Her companions looked bemused. Mari pointed toward Nïx’s hat to say something, then clearly thought better of it.

“Spill, favorite Wiccan-type person,” Nïx said. “Are you playing at fate tonight? Using some of your vast array of talents to see the future, perhaps?”

Mari’s gaze darted. “You, uh, told me to use my powers for good. This could change a lot.”

In a scandalized tone, Nïx said, “This could change everything. Even monsters and mayhem have a purpose. Shouldn’t you consult the coach before taking players off the bench?”

Dorada said, “The scales were balanced, and soon they won’t be. It’s too unpredictable. Even I can’t compel so many.”

Mari shook her head. “The scales weren’t balanced as long as the Møriør have us in their sights.”

The three fell silent at that. The Møriør was an alliance made up of primordials, each of them the oldest and most powerful being of a particular species.

Mari sighed. “Though Nïx won’t cop to it, we all know they’re favored to win this Accession.”

“May the Lorce be with you!” Nïx exclaimed. When she rubbed her nose against Bertil’s, the bat gazed up at her with dreamy adoration.

Dorada glowered at the Valkyrie. “If immortals consider a madwoman like you their leader—their coach—then maybe the Møriør should win.” She waved to indicate Loa. “The priestess must think so, else she wouldn’t be selling them information.”

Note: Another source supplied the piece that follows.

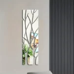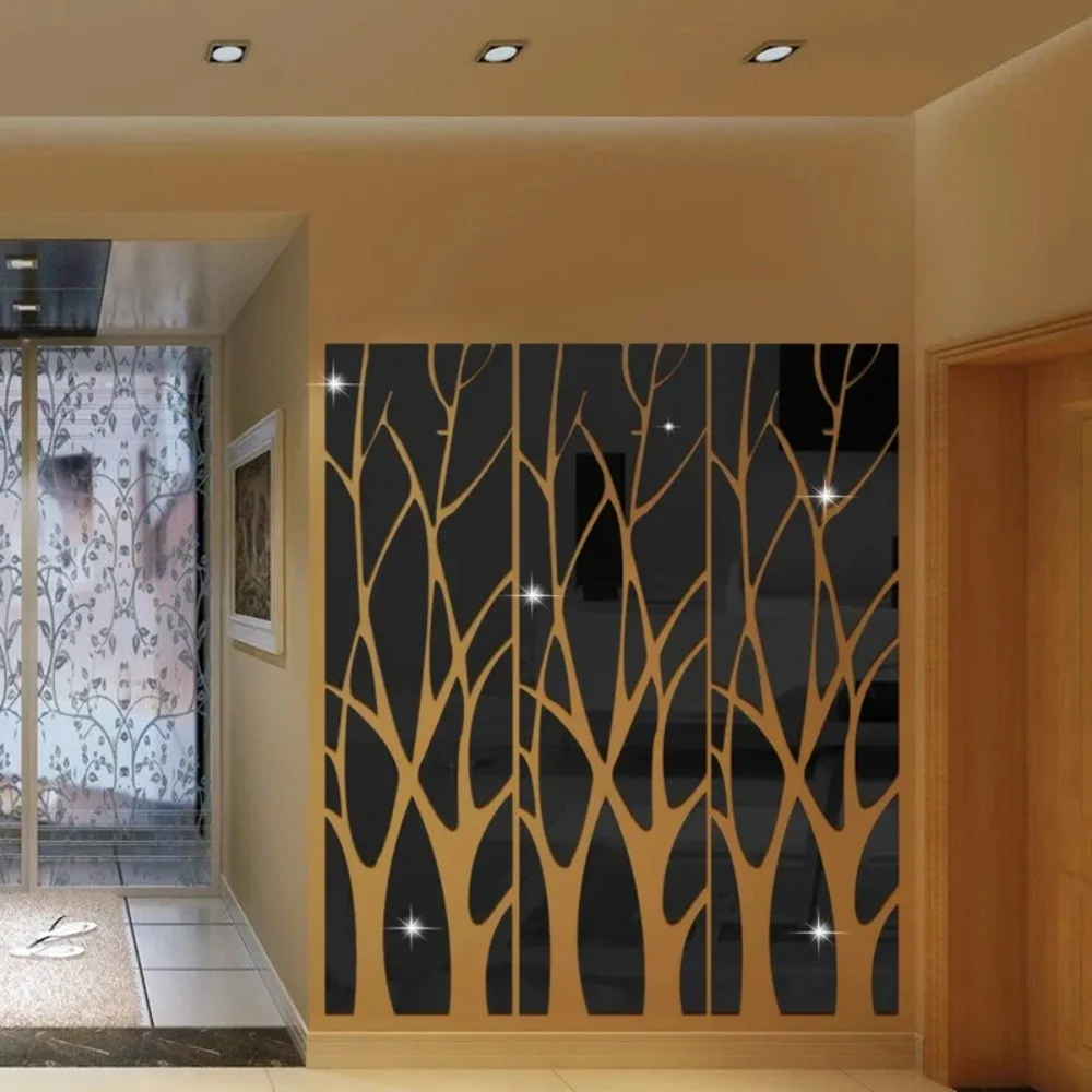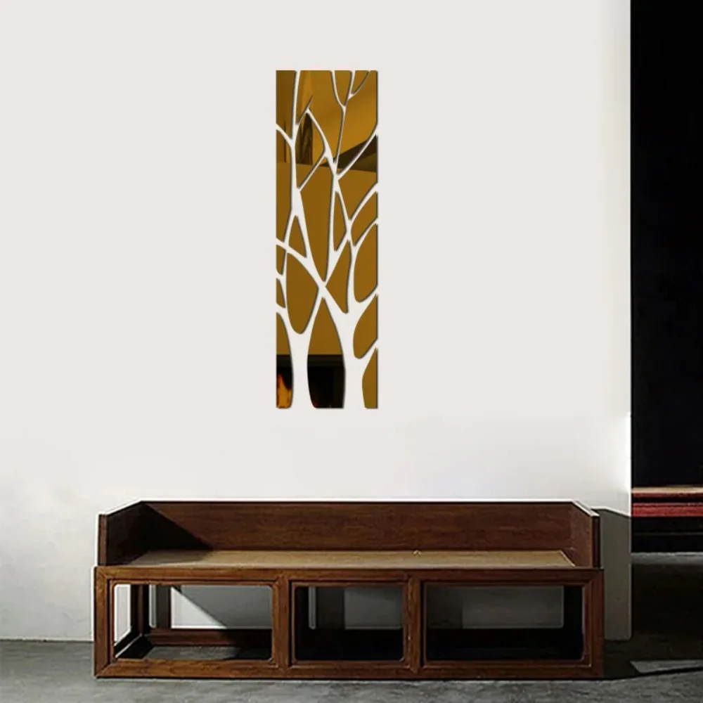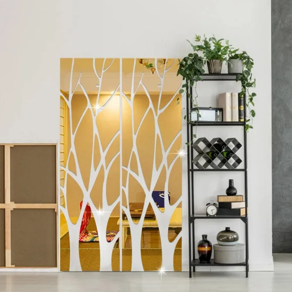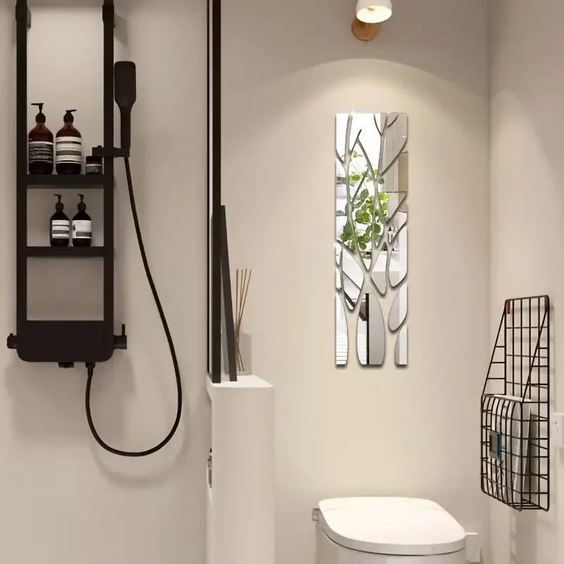 2. ملصق الحائط المرآة يُعطي وهمًا بمساحة أكبر، والانعكاس المشوه قليلاً يُضفي لمسة مرحة.

Loa’s amber eyes glittered. “I’d watch your rottin’ tongue, sorceress.”

“It’s no longer rotting!”

“Hey!” Mari cried. “Can we have just one discussion without arguing and imminent bloodshed?”

Dorada and Loa: “NO!”

“The journal,” Nïx whispered, cutting through the tension. Her gaze had gone vacant. “The Enemy of Old is going to want it. Should I give it to him? Will anything matter after this?” Lightning flashed above. “The spheres are smudged once more. Will they crack under the pressure?”

The others grew uneasy, even Dorada.

Mari cleared her throat. “Uh, you okay there, Nïx?”

We are not.” She abruptly stood, telling Mari, “The die is cast. It’s too late to change anything. Depending on what is unleashed tonight, the Lore will convulse. I hope you know what you’re doing, because for once, I don’t.”

Mari swallowed. “That sounds less than ducky. I thought you’d still be acting as, like, the guardrails for me.”

Dorada smirked. “Looks like you’re about to careen off the cliff and take all of us with you.”

Nïx didn’t deny it. “That’s the thing about shaping fate, young witch.” She stomped her bare foot into the puddle; lightning flashed again, and water splattered up to her face. “Sometimes it resists.” The bat didn’t laugh when droplets ran down her cheeks like tears.